Negros Oriental’s No. 2 intelligence officer called for the ouster of President Gloria Macapagal-Arroyo after defecting to the New People’s Army, saying “people very, very close to Malacañang” and even “inside the Palace” are running big time-illegal gambling and smuggling operations, including large-scale sugar smuggling in Negros.
BY JAIME ESPINA
BACOLOD CITY – Citing what he described as “rampant corruption” and “injustice,” a veteran police intelligence officer who defected to the New People’s Army (NPA) said he agreed with calls by several quarters for the ouster of President Gloria Macapagal-Arroyo.
“GMA (Arroyo) should be ousted,” Sr. Police Officer 2 Joel Geollegue, said. “Dapat na talagang palitan ang gobyernong ito.” (This government must really be replaced.)
Geollegue, the deputy provincial officer of the Criminal Investigation and Detection Group (CIDG) in Negros Oriental, formally declared his defection Sunday June 5, in an NPA camp in the southern Negros hinterlands.
The police officer brought with him four high-powered firearms, including an Ingram machine pistol, although he did not say whether these were government-issued. Although he said he expected a “smear campaign” against him once news of his defection broke, Geollegue said he was more worried about the effects such a campaign would have on his family.
Nevertheless, he said he was confident they would weather the storm “because I believe I have made them understand the justness of my cause.” His wife shared the same opinion. “We are ready to answer all their questions and anything they throw against him.”
Geollegue said he had consulted his superiors and colleagues in the CIDG on his defection and, “although most of them tried to persuade me not to do it, they all said they respected my decision and supported me.”
He sought out the NPA guerrillas some two months ago and had been in the protection of an NPA platoon since then.

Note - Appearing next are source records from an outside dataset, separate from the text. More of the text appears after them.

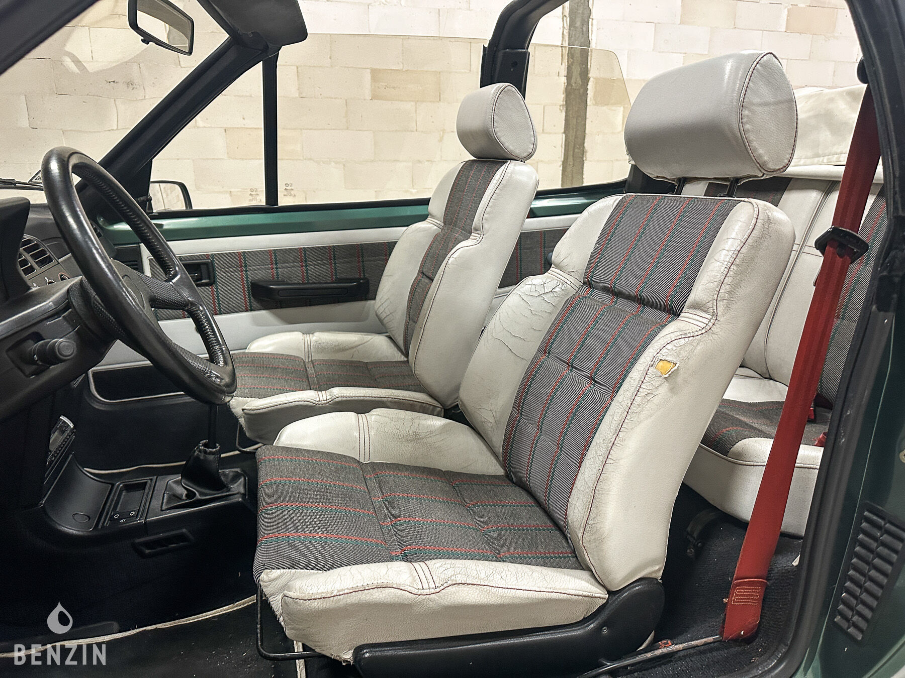 A belső tér jó állapotban van. A fehér utánzatú és kockás szövetből készült egyedi kárpitozáson a használat jelei látszanak. A kormánykerék és a műszerfal jó állapotban van. A fedélzeti műszerek és az elektromos berendezések normál működési állapotban vannak. Ez az autó a következő felszereltséggel rendelkezik:
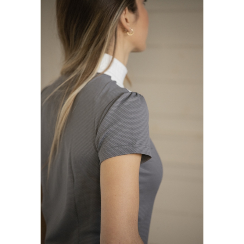 Las Honey short-sleeved show polo shirt made from a lightweight and breathable honeycomb fabric. With its beautifully designed plastron above the chest, it combines the elegance and technicality necessary for equestrian shows.
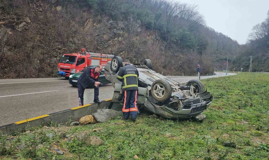 Zonguldak yönüne seyreden K.T. idaresindeki 67 EN 433 plakalı Fiat marka otomobil, kontrolden çıkarak refüje çarpıp takla attı.
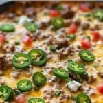 Meaty Texas Trash Dip is a warm, cheesy, and hearty party dip made with layers of seasoned ground beef, refried beans, creamy cheese, and taco-inspired flavors. Baked until hot and bubbly, it’s the ultimate comfort food for game day or any gathering.
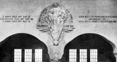 Gedenktafeln beiderseits des Altars, jeweils mit zentraler Widmung, flankiert von zwei Säulen mit krönenden EK-Zeichen und Adlerfiguren: Links für das Füsilier-Regiment Nr. 34 und das Feld-Artillerie-Regiment Nr. 38. Rechts für Grenadier-Regiment Nr. 2 und das Pionier-Bataillon Nr. 2.
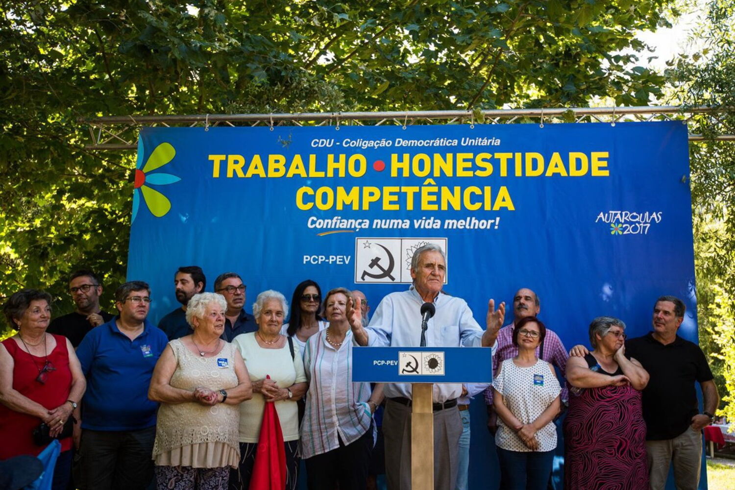 Perante centenas de apoiantes na Praça Central da Torre da Marinha, no Seixal, o líder comunista lembrou que o PCP tem vindo a denunciar a "extraordinária degradação do serviço público de transportes que foi particularmente agravada durante o último Governo PSD/CDS e a questionar o governo minoritário do PS, apresentando também propostas que se têm revelado cada vez mais necessárias e urgentes".
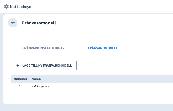 Under fliken Frånvaromodell kan du skapa nya modeller, se en översikt över alla dina modeller samt radera dem.
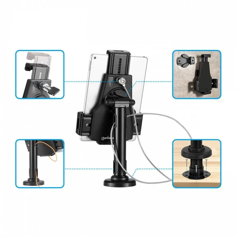 Laptopy i TabletyAkcesoria do tabletówUchwytyManhattan Stojak do tabletu 7,9-10,5 cala z zamkiem i linką
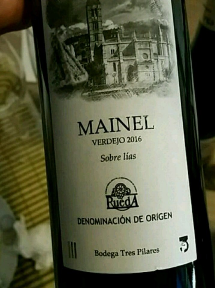 Empiezo el año con la cata de un vino español, concretamente de la DO Rueda. Se trata de este Mainel Verdejo 2016 Sobre Lías, elaborado por Bodega Tres Pilares. Un vino blanco que posee crianza sobre sus lías de 6 meses con 'batonnage' diario en depósitos de acero inoxidable. Esta crianza le da un grado de complejidad muy atractivo a un vino ya de por si excelente.
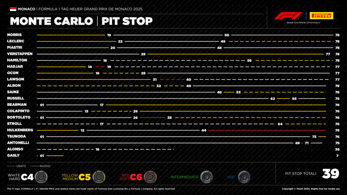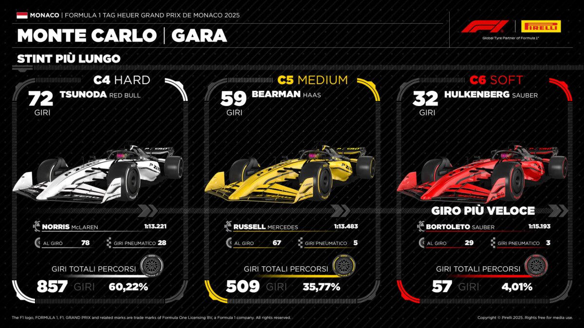 Mario Isola, direttore motorsport Pirelli: “Non è facile dare un giudizio a caldo sulla gara appena conclusa però sento di poter dire che sia davvero valsa la pena provare a fare qualcosa di diverso in un Gran Premio così speciale come quello di Monaco. Innanzitutto, va tenuto presente che la novità regolamentare introdotta ha certamente aumentato la curiosità non solo degli addetti ai lavori ma anche degli appassionati per come si sarebbe svolta la gara. Se è vero che oggi abbiamo avuto gli stessi primi quattro classificati della sessione di qualifica, è altrettanto vero che ci sono stati cinque cambi di leadership con tre piloti diversi che hanno condotto la gara e, alle loro spalle, c’è stata tanta azione, certamente molta di più di quanto, ad esempio, non si sia vista lo scorso anno. Onestamente, penso che gli spettatori – sia qui a Monaco che davanti alla televisione – tutto sommato si siano se non divertiti perlomeno non annoiati, come diverse volte accaduto qui in gare prive di eventi casuali, come la pioggia o delle neutralizzazioni. Del resto, Monaco è questa, prendere o lasciare: una qualifica da cuore in gola e una gara dove i sorpassi sono pressoché impossibili. Soltanto una volta analizzato bene lo svolgimento della gara, credo che tutti i protagonisti del nostro sport potranno fare una valutazione precisa di questo esperimento.
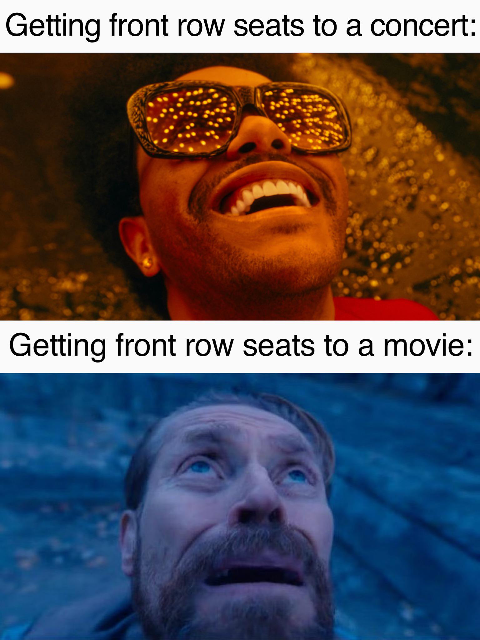 This FunnyMemes, ReactionMemes, RelatableMemes meme features Two-panel image macro. Top text: "Getting front row seats to a concert:" shows a smiling man wearing reflective sunglasses with golden lights. Bottom text: "Getting front row seats to a movie:" shows a terrified man looking up in a blue-tinted close-up.. Created and shared on Jart.lol, this image meme represents the best of internet culture and humor.
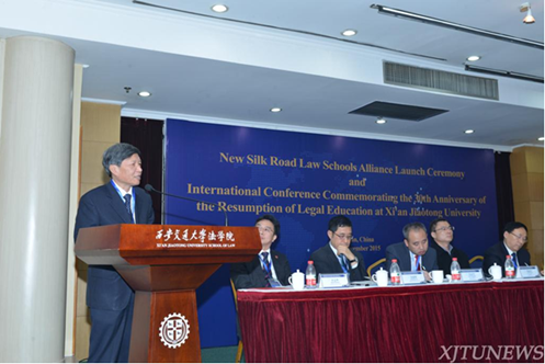 中国法学会副会长张文显代表中国法学会、中国法学教育研究会对西安交大法学学科复办三十周年和“新丝路乐动(中国)官方在线登录联盟”的成立表示祝贺。他说,西安交大办学历史悠久,是我国最早开展法学教育的高等教育机构,为国家培养了大批杰出法学人才。自1985年复办法学学科以来,西安交大乐动(中国)官方在线登录现已成长为中国法学研究的重要基地之一,为中国法学建设做出了突出贡献。随着“一带一路”战略构想的提出,国内法制与国际法制深度融合也必将呈现出更大、更新的趋势,因此“新丝路乐动(中国)官方在线登录联盟”成立的意义重大,前景广阔。他希望联盟成员能同心协力,将联盟办成具有国际影响力和现实感召力的乐动(中国)官方在线登录校交流合作的平台,成为我国法学教育对外交流合作和国际法学交流互联互通的新门户。中国法学会将对其给予重点关注和支持。

Following his declaration, an NPA officer read a statement welcoming Geollegue, who now goes by the nom de guerre “Ka Reymar,” into rebel ranks and saying the defection was proof of the justness of their cause.
Ex-death squad member
Geollegue’s formal announcement of defection came a day before his 49th birthday and effectively capped a 28-year career that began when he enlisted as an Army private in 1977 battling Muslim secessionists and included a stint as a member of the Military Intelligence and Security Unit (MISU) or what he described as the “death squad” of the defunct Philippine Constabulary’s Davao Metropolitan District Command.
The MISU, which Geollegue said caused him the “greatest regret” of his career, was tasked to “go after high profile targets, whether dissidents, criminals and even government officials and scalawag servicemen who had become too big a problem for government.”
However, he acknowledged the unit was responsible for many human rights violations and the deaths of “many innocents” wrongly accused of links to the rebel movement. He said Davao’s notoriety as a hunting ground of NPA assassination squads or Sparrow units was partly the handiwork of the MISU.
He added that among their targets then were media practitioners accused of “helping spread anti-government propaganda.” However, he declined to discuss specific cases.
But he warned that the recent wave of killings of activists, dissenters and journalists showed an “emerging pattern” similar to his MISU days and said this was part of government’s “grand design” to silence critics and “the oppressed.”
He also predicted a “90 percent possibility” of a coup launched by a “big group” of disgruntled troops composed mostly of mid-level officers, non-commissioned officers and enlisted personnel but also including “many former key players” in past coup attempts.
However, while not calling on them to call off their plans, Geollegue said, “I invite them to join me” in defecting to the rebels because “this is our cause, the cause of the people.”